Emmy award winning film-maker Danny Schechter, who is also blogger-in-chief at MediaChannel.org that keeps a critical eye on the media, just wrote this explaining why he made this film:

“It is hard to remember that two years earlier Obama was barely known, registering on the radar screen for just 10% of voters. He was also hardly a brand name as a first term Senator who spent more time in state politics in Illinois than on the national stage. Moreover, he was young and a man of color — not qualities that usually prevail in a presidential arena which tends to draw far older, far whiter, and far more centrist candidates. The thought that he would beat frontrunner Hillary Clinton in the primaries was, quite frankly, unthinkable to most of the elite.

“And yet he prevailed, as he used a phrase appropriated from labor organizer and Latino legend Caesar Chavez. Obama turned the farm workers Spanish language slogan “Si Se Puede” into “Yes We Can.” Rather than focus on specific political issues, he built a campaign on the promise of “Hope.” Rather than just rely on traditional fundraising — although by the end, he was plush with it — he reached out over the internet for smaller donations from millions of donors.

Perils of the New Media Generation...

Perils of the New Media Generation...

“Few in the major media gave him a chance, but he was not discouraged because he had created his own grassroots media operation using sophisticated organizing and social networking techniques to build a bottom-up movement, not the usual top-down apparatus. While his campaign ran the show, he encouraged independent initiatives including citizen-generated media, music videos, personalized websites, twittering and texting, etc..
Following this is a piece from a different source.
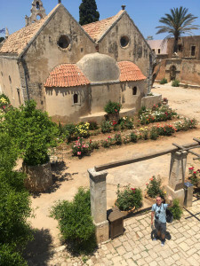 Unser nächster Stopp war Fodele, der Geburtsort des Malers El Greco, der überdies eine sehr hübsche kleine Kirche aus dem> 11. Jahrhundert sein Eigen nennt. Bem>erkenswert ist, dass sie inmitten der überreste des Fundaments einer viel älteren Kirche steht, die von den Sarazenen vernichtet wurde. Später zwangen die Türken zudem> die Bevölkerung, ihr Dorf zu verlassen und sich einen Kilometer entfernt neu anzusiedeln, so dass das Gotteshaus nun ein ganzes Stück außerhalb des Ortes liegt. An diesem> Beispiel sieht man nicht nur, wie alt die Geschichte Kretas ist, sondern auch wie schmerzhaft die Vergangenheit sein kann. Nahezu in jedem> Ort, in jedem> Kloster hört man Geschichten über Angriffe und Verwüstungen durch die Türken oder ? einige Jahrhunderte später ? den Deutschen.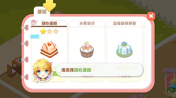 先點擊烤箱上蛋糕,選擇甜心蛋糕。

“This is the new direction our politics has taken. It is a story that may be somewhat threatening to old media – and older activists – who prefer a one to many approach to communication, as opposed to forging a more interactive empowering platform. There is no question that young people — especially those mobilized by Obama — prefer online media and that choice is making it harder and harder for traditional outlets to sustain their influence and, in some cases, even their organizations. Old media may be on the way out.

“This is why our film is, in my mind, so important, not just as a record of how Obama won and what happened in 2008, but in what will happen, can happen, and is happening in the future. This is why I believe its critical for Americans to see it — and others in the world as well — to recognize how Obama represents more than just another politician, but a whole new approach to politics. That old adage is worth remembering: “It’s not the ship that makes the wave, it’s the motion of the ocean.”

“Obama, for all his shortcomings, which are becoming more obvious by the day, has pioneered the way change must be won — not by people on the top, but by all of us. It remains for “us” to hold him accountable. We live in a culture of amnesia – it is important to learn the lessons of the recent past.”